The accuracy of the structures obtained using 3D structure prediction programs is improving rapidly, and some of the commonly available programs have shown excellent performance in the CASP competition [32]. However, all the 3D structure prediction programs are trained with a variety of proteins and their performance is usually evaluated on a general dataset [33]. There is no literature evidence reporting the performance of these programs on proteins containing poly-Q tracts. So it is necessary for us to evaluate the performance of these programs before we use them to predict the structure of polyglutamine disease proteins at large scale.

In this paper we present our results of the evaluation of the prediction performance of two efficient and popular 3D structure prediction programs, I-TASSER and Rosetta, on the N-terminal end of huntingtin protein with 17 glutamines (HTT17Q-EX1).


Predicted models

As evidence shows that the poly-Q region can adopt different structures [28, 29] in the proteins of interest for poly-Q diseases, it is not appropriate to seek the 'best structure' of this region, but it is more appropriate to look for ensembles of structures (generated by multiple independent runs) which can show overall trends and represent the variety of structures observed by experimental methods.
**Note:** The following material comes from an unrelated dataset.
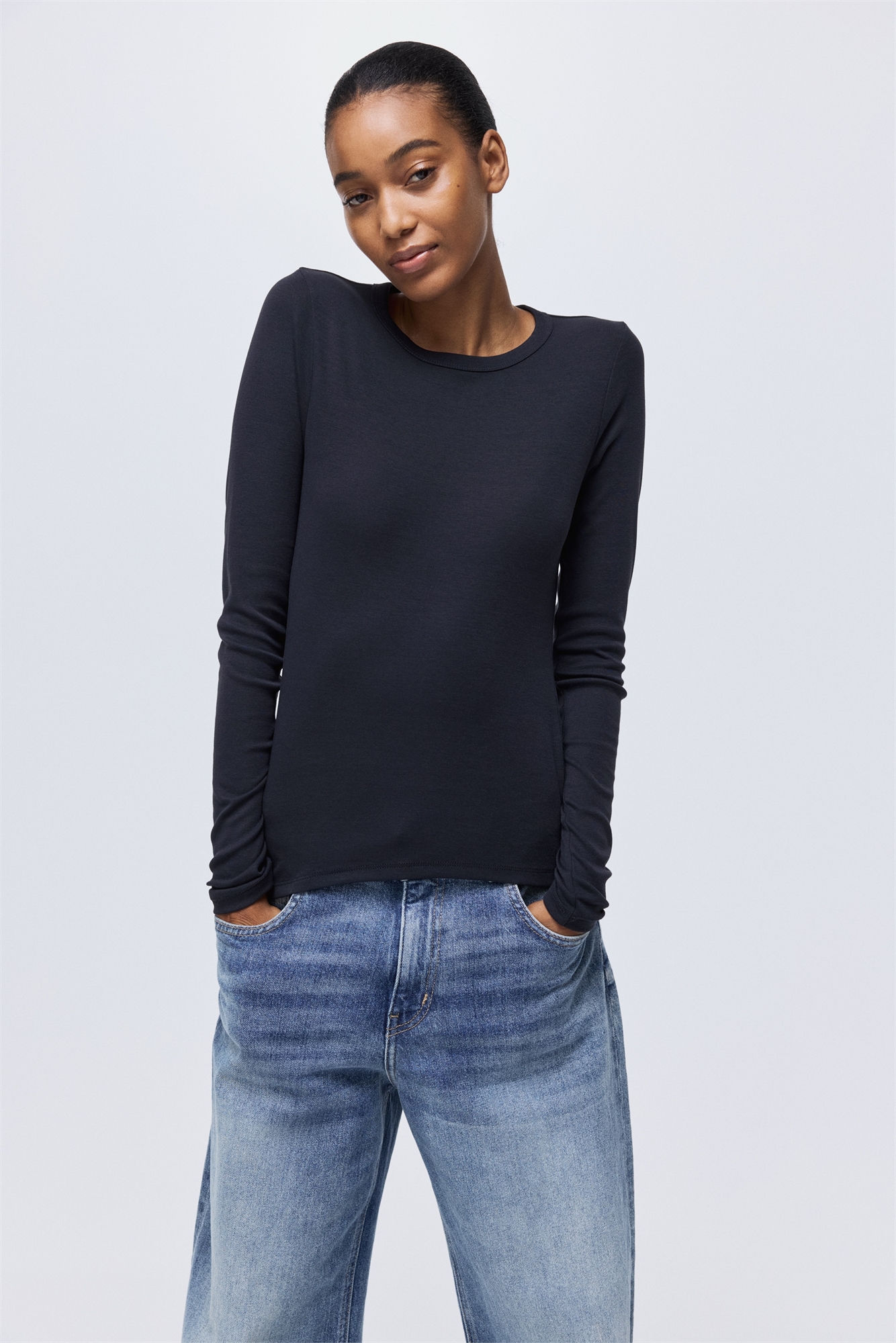 Облегающая футболка с длинными рукавами и круглым вырезом из хлопкового джерси.

Following this reasoning, both Rosetta and I-TASSER were run 10 times using different random seeds for each run of 3D structure prediction of the HTT17Q-EX1 sequence shown in Figure 1(b). For each run we kept the five best models, so a total of 50 I-TASSER models and 50 Rosetta models were retained for analysis.

Figure 1
figure 1

The sequence construction of HTT17Q-EX1. (a) sequence structure of the PDB records; (b) sequence used for structure prediction.

Each structure prediction program will return some parameters to estimate the accuracy of the models. For I-TASSER, the C-score, which lies in the (-5,2) range, is calculated for each model [34]. The C-scores of the best 50 I-TASSER models, listed in Table 2, range from -2.62 to -4.72.

Table 2 C-scores for the best I-TASSER models.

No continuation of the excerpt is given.